He smiled. “I think it’s the fact that we’re jumping into the unknown. I mean, we both know what’s down here: absolutely nothing. But in the dark, it feels different with you.”

I found myself gnawing nervously on my bottom lip as soon as the words left his mouth. Different with you. What did that actually mean? Did I look different in the dark? Did I act differently in the dark? What was it about the night that made things feel different?

“The runway competition starts this week, right?” he asked, breaking me out of my nervous trance. I nodded. “You nervous?”

“Yes,” I admitted for the first time out loud. “So nervous. I keep imagining myself tripping and falling on my face. It seems terrifying to walk down a stage with hundreds of eyes watching you and expecting you to walk with grace. Do I look graceful to you?”

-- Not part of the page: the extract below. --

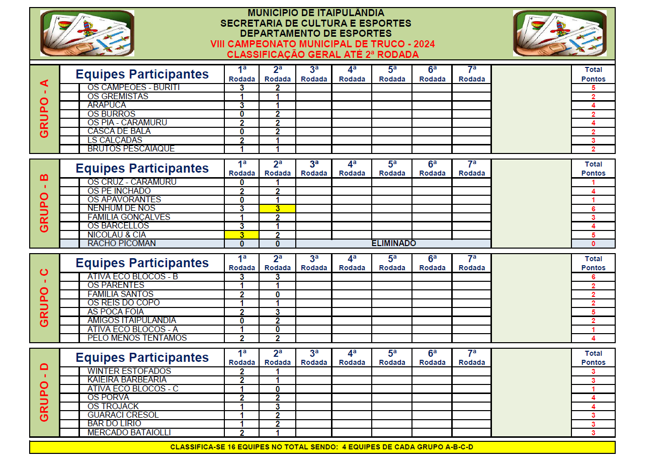 Confira os resultados da 1ª rodada e a classificação por Grupo:
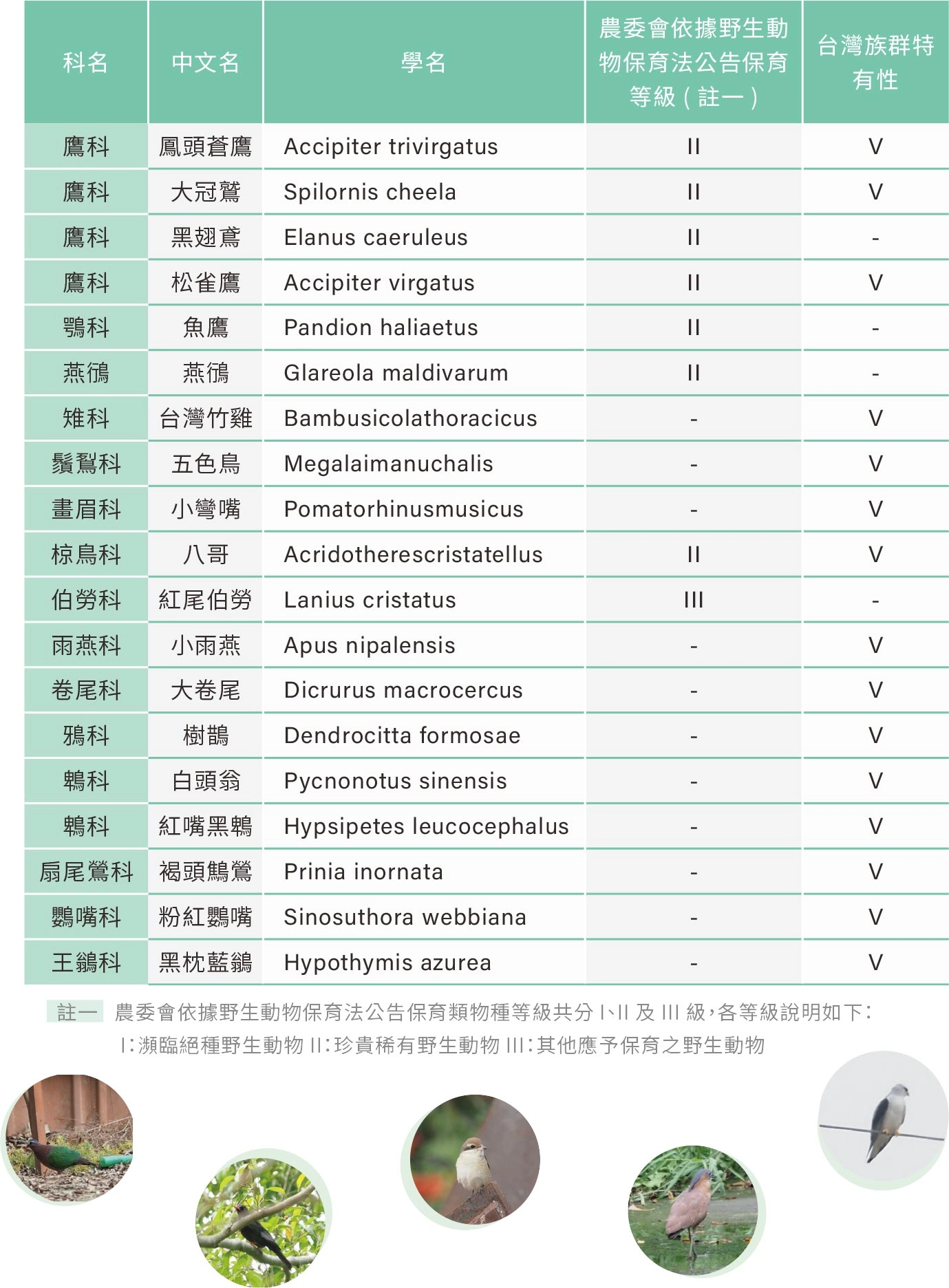 中鋼結構2024年廠區內可觀察到農委會公告保育類物種及國際 自然資源保護聯盟(IUCN)紅色名單內保育類鳥類如下:

He bumped his shoulder playfully against mine. “Sure you do. You gracefully do your homework, and you gracefully know how to water plants.”

“You’re unbelievable,” I laughed, shaking my head. “I just don’t want to disappoint anyone.”

“I thought you were doing this contest for yourself.”

“I am,” I said, but even I was becoming unsure. I had become so lost in the idea of improvement and impressing everyone that I had forgotten the true reason behind this competition as a whole. I wanted to create my own spotlight. That had been the original purpose of joining this entire competition: to stop feeling like an ant beside my mother, to stop feeling invisible in front of others, and to, essentially, become pretty. Yet now, I realized that my intentions had changed entirely. I wanted to stop feeling so empty. I wanted to stop comparing myself to unrealistic ideals and expectations of beauty. I had gone into this pageant blind and come out wide eyed.

“Then stop worrying about what other people are going to think of you when you walk down that runway. The only opinion that should matter is your own.”

“It’s easier to say out loud versus putting it into action,” I replied, fiddling with my thumbs. “I just wish that I wasn’t so…”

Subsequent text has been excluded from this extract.